Work instruction
Give all of the data again exactly as written, omitting every image.

Information shown
------------------------------------------------------------
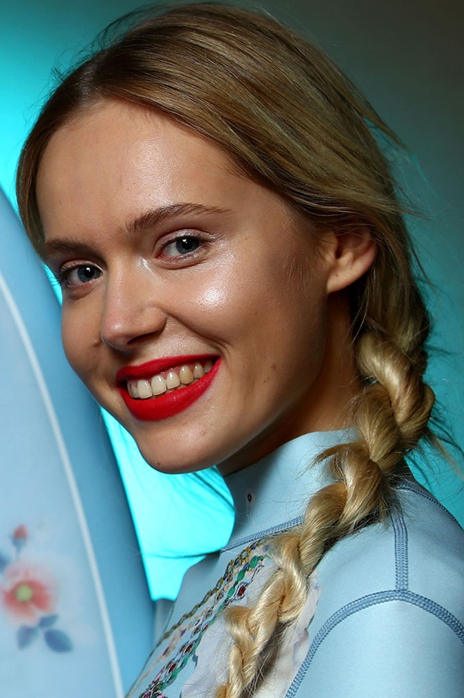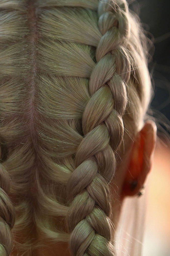 We’ve seen braids hit the runway at NYFW earlier this year, but down-under, things were a little different. Inverted (or Dutch) braids were featured this season, and the look is easy to master if you’re ace at doing your own hair. At Yuxin, Redken’s Hair Director John Pulitano suggested to “start by saturating the roots with Redken’s Rootful 06 Root Lifting Spray for control and touchable fullness”. Then, braid as you would, but take each section across and under the piece in the middle, instead of on top. If you’re a novice at braiding, try the style we saw at Cynthia Rowley. First, divide your ponytail into two, twist each section individually, then around each other to mimic a loose fishtail braid.
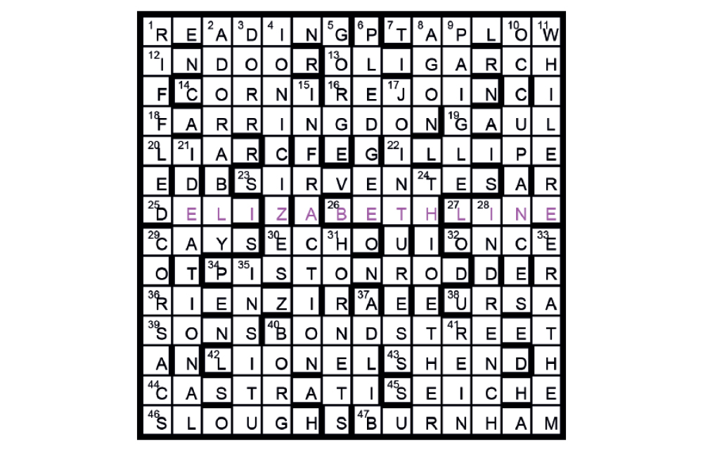 1A, 7A, 18A, 40A, 46A and 47A are all on the new Elizabeth Line, which appears in the grid when 25A, 26A and 27A are entered correctly.
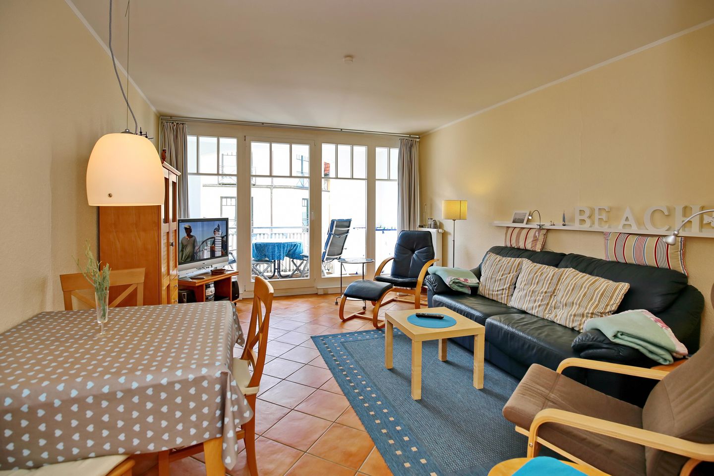 Im großzügigen Wohnraum laden ein bequemes Schlafsofa (140 x 200 cm) sowie zwei Schwingsessel mit Hockern zu geselligen Fernsehabenden mit einem modernen Flachbild-TV ein. Durch das Schlafsofa ist eine Aufbettung für bis zu drei Personen möglich. Der angrenzende Essbereich bietet ausreichend Platz zum Verweilen.
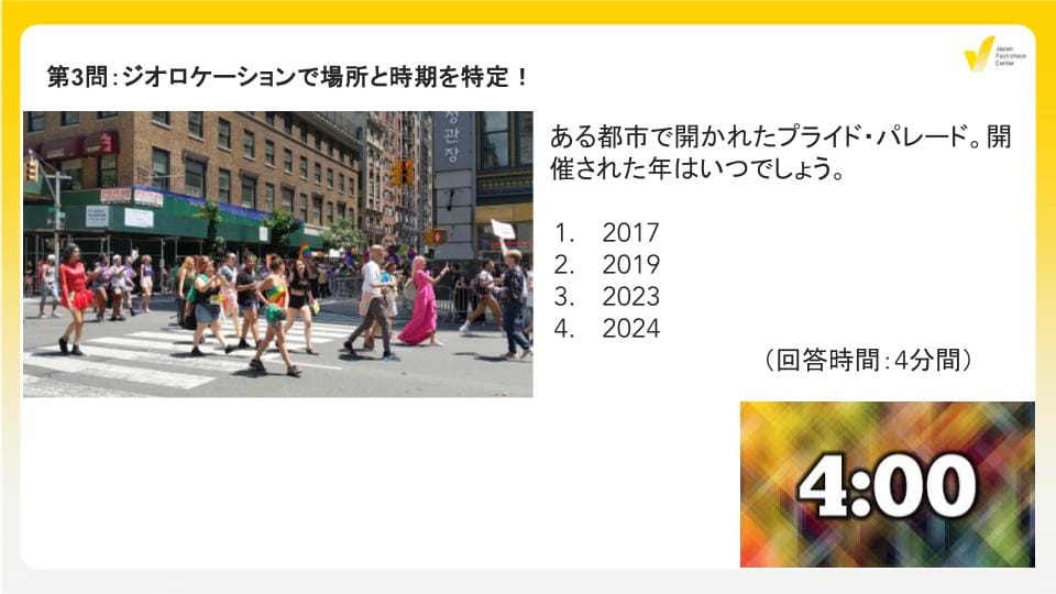 11月30日に本選を実施。参加者はプレイベントで学んだ技術を使って、ネット上の資料を探したり、架空の記事の間違いを見つけたり、ジオロケーションや生成AIによる画像加工の特定など、5つの問題に挑みました。
------------------------------------------------------------
Result
 We’ve seen braids hit the runway at NYFW earlier this year, but down-under, things were a little different. Inverted (or Dutch) braids were featured this season, and the look is easy to master if you’re ace at doing your own hair. At Yuxin, Redken’s Hair Director John Pulitano suggested to “start by saturating the roots with Redken’s Rootful 06 Root Lifting Spray for control and touchable fullness”. Then, braid as you would, but take each section across and under the piece in the middle, instead of on top. If you’re a novice at braiding, try the style we saw at Cynthia Rowley. First, divide your ponytail into two, twist each section individually, then around each other to mimic a loose fishtail braid.
 1A, 7A, 18A, 40A, 46A and 47A are all on the new Elizabeth Line, which appears in the grid when 25A, 26A and 27A are entered correctly.
 Im großzügigen Wohnraum laden ein bequemes Schlafsofa (140 x 200 cm) sowie zwei Schwingsessel mit Hockern zu geselligen Fernsehabenden mit einem modernen Flachbild-TV ein. Durch das Schlafsofa ist eine Aufbettung für bis zu drei Personen möglich. Der angrenzende Essbereich bietet ausreichend Platz zum Verweilen.
 11月30日に本選を実施。参加者はプレイベントで学んだ技術を使って、ネット上の資料を探したり、架空の記事の間違いを見つけたり、ジオロケーションや生成AIによる画像加工の特定など、5つの問題に挑みました。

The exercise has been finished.